Elle put dire seulement:
—Ah! Roger...
Dans l'atroce regret qui lui torturait l'âme, elle n'avait même plus
de sanglots. C'était donc contre cet homme-là, c'était contre lui
qu'elle s'était irritée jusqu'au mépris, jusqu'à la haine, jusqu'à
l'ineffaçable injure de la trahison!... C'était à lui qu'elle avait
menti hier, qu'elle mentait ce soir, et qu'elle allait être forcée de
mentir désormais jusqu'au bout, jusqu'au dernier baiser d'adieu au bord
du tombeau! Et c'était elle, Simone, _sa_ Simone, qui avait fait cela!
—Ah! Roger... murmura-t-elle à plusieurs reprises, avec une intonation
si déchirante, que lui, la croyant subjuguée seulement par le triomphe
douloureux d'une divine indulgence, disait:
—Ma Simone, comment peut-on faire du chagrin à une bonne petite âme
comme toi? Ah! je ne suis qu'un brutal, un mauvais mari. C'est vrai,
tu es si fine, si sensible!... Une petite femme comme toi, c'est trop
délicat à manier... Moi, je ne suis qu'un maladroit, un bourru.
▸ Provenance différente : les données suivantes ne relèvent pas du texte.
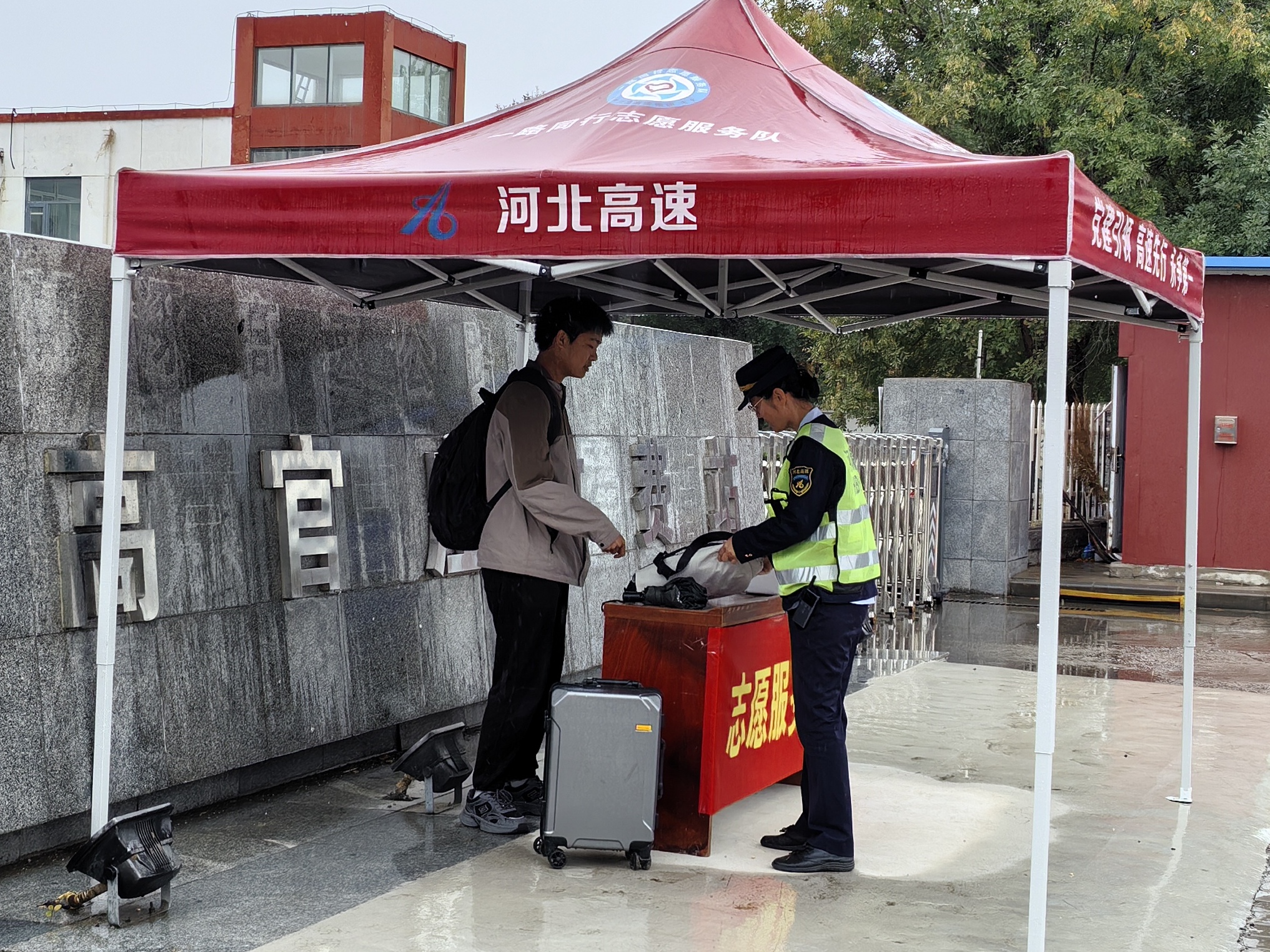 10月8日15时30分,高官庄收费站外广场上,一名大学生一手推行李箱、一手拎包,背着书包,在雨中独自撑伞前行。疏导员发现这一情况后,立即主动上前提供帮助。
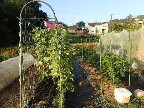 キュウリの支柱立て&ネット張りを行ったのは~ 5月上旬頃
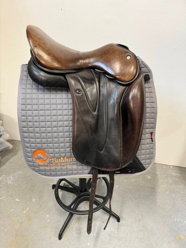Bruine zitting met zwarte bies. De oude maar hele fijne Resin Tree (semi curve) boom met een deep Seat (hele zachte zit). Maat 1 = 17 inch. VERKOCHT
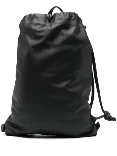 black calf leather grained texture single top handle two adjustable shoulder straps side zip-fastening pocket debossed logo to the rear main compartment internal zip-fastening pocket full lining gold-tone hardware top drawstring fastening
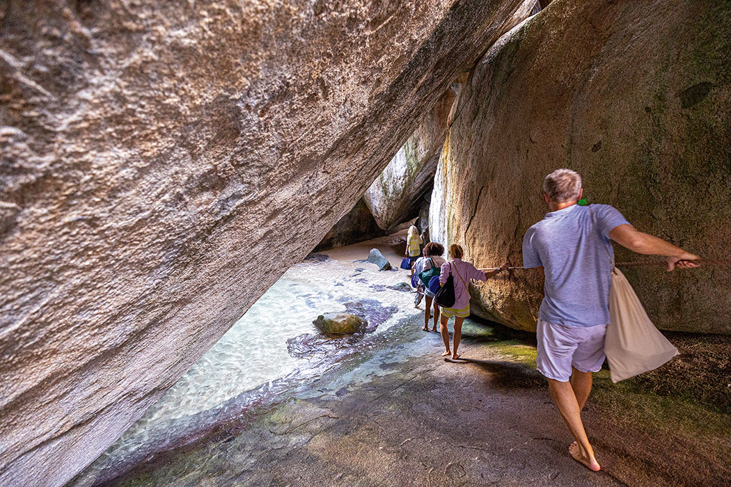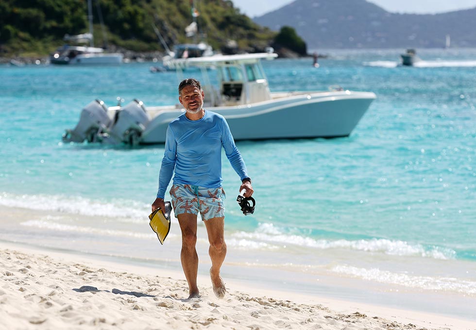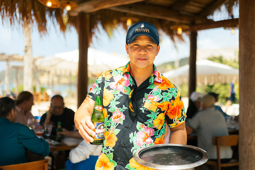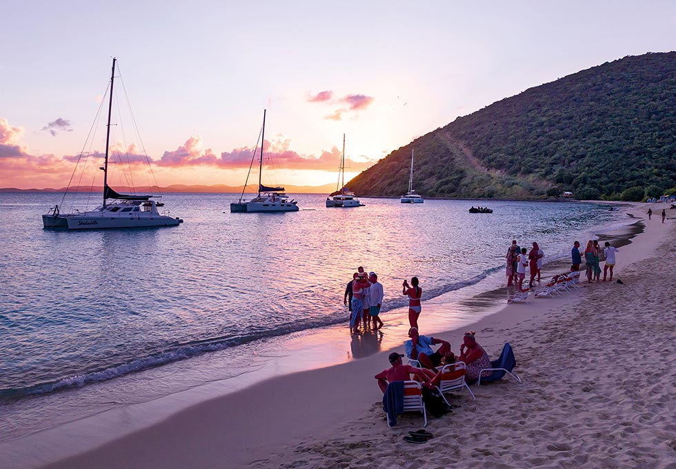 Mit dem Zodiac geht es an den Strand, und abends legt das Schiff nahe Foxys berühmter Beach Bar an – in ausgelassener Stimmung schmeckt der „Painkiller“ besonders gut.
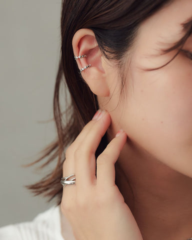 小さな星をたくさん並べて1本のラインにしたイヤーカフ。
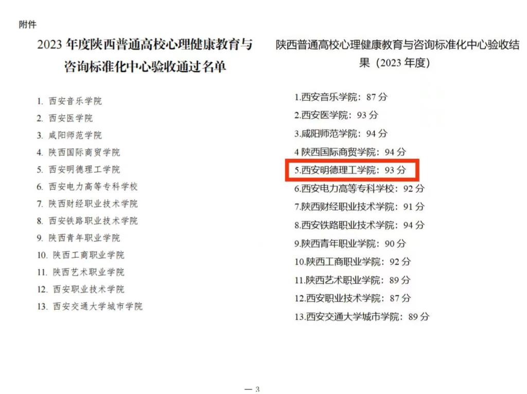 近日,中共陕西省委教育工委公布了《中共陕西省委教育工委关于公布2023 年度陕西普通高校心理健康教育与咨询标准化中心验收结果的通知》,学校顺利通过此次验收,大学生心理健康教育中心获评“陕西普通高校心理健康...

Je te
traite en vieux camarade, que je taquine... je m'oublie, je dépasse la
mesure. Je devrais toujours être en adoration devant ma jolie madone,
et je me conduis comme un païen.
Elle le fit taire, avec douceur.
—Ne causons plus, dit-elle, je suis brisée. Veux-tu être tout à fait
bon?—Et elle touchait avec un geste timide et tendre le front du
musicien toujours à demi prosterné sur le tapis à côté d'elle.—Va te
remettre un instant au piano, et joue-moi encore quelque chose.
—Mais, mignonne, il est bien tard... J'ai peur de réveiller Paulette,
et miss Mary, et tout notre monde.
—Oh! tu joueras très, très doucement. C'est si joli quand tu fais
chanter le piano tout bas!
Il lui obéit. Il reprit en sourdine une des phrases et quelques-unes
des variations qui l'avaient le plus charmée tout à l'heure.
En l'écoutant, ivre de tristesse et d'appréhension, Simone se disait:
«Rompre... Oui, je veux rompre... Mais comment?... _L'autre_ est
tellement attaché à notre vie! Près de lui, je suis perdue. Il m'a
prise, il me reprendra. Et ses baisers sont si doux!... Ah! mon Dieu,
est-ce que déjà je ne pourrais plus m'en passer?...»Mervil continuait à effleurer lentement les touches, éveillant une mélodie de songe. Par instants il levait les yeux pour envoyer le sourire de ses prunelles au visage tout pâle de Simone.